The input ▸

Segment Open

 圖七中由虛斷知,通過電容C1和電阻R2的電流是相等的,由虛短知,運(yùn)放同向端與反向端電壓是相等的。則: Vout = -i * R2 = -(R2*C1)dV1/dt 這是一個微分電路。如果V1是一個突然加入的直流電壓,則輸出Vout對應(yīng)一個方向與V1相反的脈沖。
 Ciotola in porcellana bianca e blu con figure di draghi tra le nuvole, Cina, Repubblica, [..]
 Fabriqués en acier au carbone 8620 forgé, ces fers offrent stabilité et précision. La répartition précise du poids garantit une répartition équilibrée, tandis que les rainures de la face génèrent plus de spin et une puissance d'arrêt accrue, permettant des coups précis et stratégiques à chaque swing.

Segment Closed
Segment Open

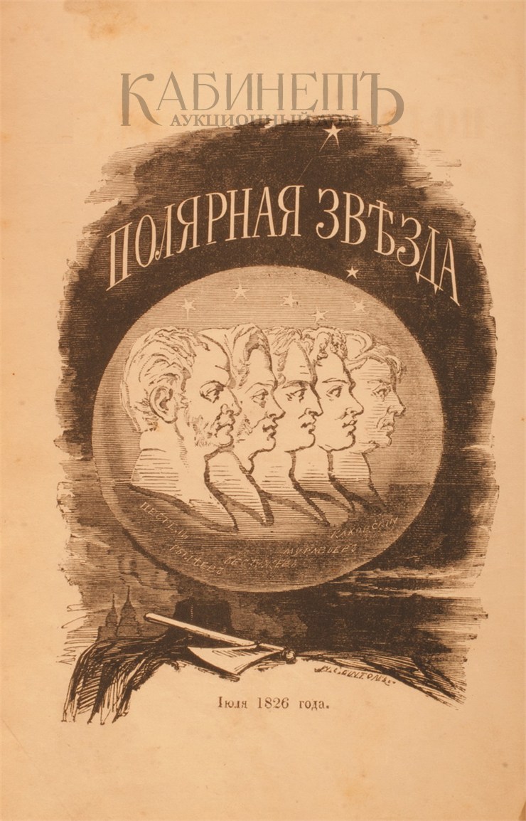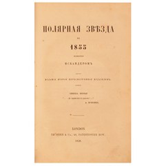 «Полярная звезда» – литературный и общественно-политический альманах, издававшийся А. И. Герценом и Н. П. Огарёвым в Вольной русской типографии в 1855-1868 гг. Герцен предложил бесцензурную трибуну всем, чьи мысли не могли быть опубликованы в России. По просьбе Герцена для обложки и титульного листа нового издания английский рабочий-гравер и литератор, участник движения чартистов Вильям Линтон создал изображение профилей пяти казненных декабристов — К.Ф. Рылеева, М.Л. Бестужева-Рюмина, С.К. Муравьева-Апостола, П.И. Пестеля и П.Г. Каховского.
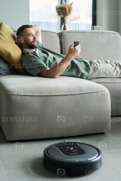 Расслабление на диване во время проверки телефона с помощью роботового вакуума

Segment Closed

Retype, in the same exact form, the lines of the material above from the line holding "R2 = -(R2*C1)dV1/dt" through the line holding "Ciotola in porcellana".

 圖七中由虛斷知,通過電容C1和電阻R2的電流是相等的,由虛短知,運(yùn)放同向端與反向端電壓是相等的。則: Vout = -i * R2 = -(R2*C1)dV1/dt 這是一個微分電路。如果V1是一個突然加入的直流電壓,則輸出Vout對應(yīng)一個方向與V1相反的脈沖。
 Ciotola in porcellana bianca e blu con figure di draghi tra le nuvole, Cina, Repubblica, [..]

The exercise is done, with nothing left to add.